King Gordius, whose genius contrived the unpickable knot, is now comfortably forgotten, while Alexander who destroyed what he could not understand, still enjoys uneasy immortality; for what is immortality at best but the suspended sentence of Oblivion?

And the knot? The hempen hieroglyph that was never solved. When oblivion has overtaken Alexander and even the name of Gordius is forgotten, the world, which is surprisingly young for its age, will still babble wonderingly of the knot that never was and never will be untied.

Another high priest of the Great God Bunk was Christopher Columbus, and on how frail a foundation rests his immortal fame—nothing more than the fragile, calcareous container, (and fractured at that) of an unborn domestic fowl.

Unquestionably the fame of Columbus rests upon his impudent pretense of balancing an egg by crushing it violently upon the table. To be sure, Columbus also discovered America, but in that he was only one of a multitude. At that moment in the world’s history the discovering of America was, like golf, something between a sport and an obsession, everybody was discovering America. So common was it, that only a few of the discoverers are remembered by name, and had it not been for his famous egg-balancing fraud the name of Christopher Columbus would surely be among the forgotten ones.

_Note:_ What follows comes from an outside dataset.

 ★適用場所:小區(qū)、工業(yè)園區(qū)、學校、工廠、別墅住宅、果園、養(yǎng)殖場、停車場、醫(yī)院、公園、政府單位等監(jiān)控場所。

To balance an egg on its apex—though not impossible, is a tedious and dispiriting task; and even if Columbus had accomplished it honestly without fracturing the shell, so far from adding to his laurels he might have lost them altogether. Queen Isabella would never have had the patience to sit through so long and boresome a performance, and when the Queen leaves, you know the performance is over.

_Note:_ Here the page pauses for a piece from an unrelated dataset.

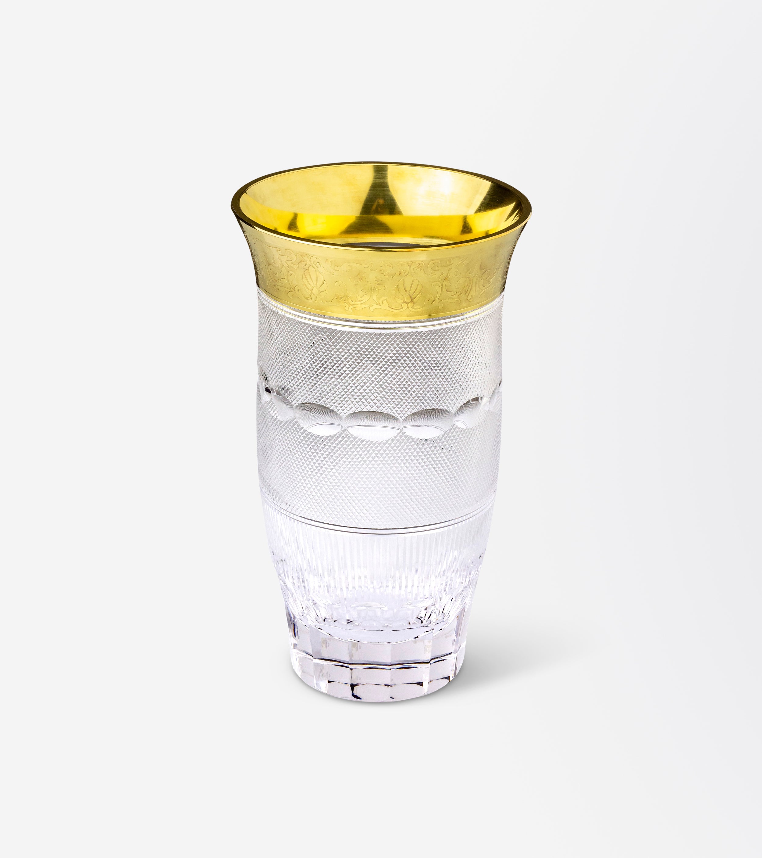 This very practical vase was made in the Czech Republic by famed glassmaker, Moser. The vase which is made from lead free crystal is in the 'Splendid' pattern which was first introduced by Leo Moser in 1911. The pattern features an ornate 24 karat gilt rim which sits atop of a very intricate cut crystal body and has been made in a variety of shapes and sizes throughout its history. The Splendid pattern has been a staple among some of the world's finest dining rooms for decades with the Czechoslovak president gifting the late Queen Elizabeth II a selection of Splendid crystal for her wedding in 1947. This particular vase retains its original retailing label and has an acid etched signature to the underside which have helped us date its manufacture to post 1992, when Czechoslovakia became the Czech Republic. In immaculate condition, the vase has very few signs of wear, with no chips or cracks to the crystal, and even minimal wear to the underside. A gorgeous piece of Moser crystal which would hold a dozen roses very beautifully.

Indeed, it is quite thinkable that it was the dread of just such an ending to his audience and the resultant stage fright reacting upon an excitable sea-faring nature that caused Columbus to break the egg.

The question now asks itself: Has Christopher Columbus, posing as a clever impostor when in reality only a stage-frightened bungler, obtained his fame under false pretenses? In unmasking his clandestine honesty do we but prove him the greater fraud? Bunk only knows!

Queen Dido of Carthage, on the other hand, came by her dishonesty quite honestly—she inherited it from her royal father’s sister Jezebel.

Yes, Jezebel, the patron sinner of half a world of womankind, was Queen Dido’s aunt. Good or bad, what was her Aunt Jezebel’s was also Dido’s by right of inheritance. And none of all the prophets of the Great God Bunk was greater than this prophetess.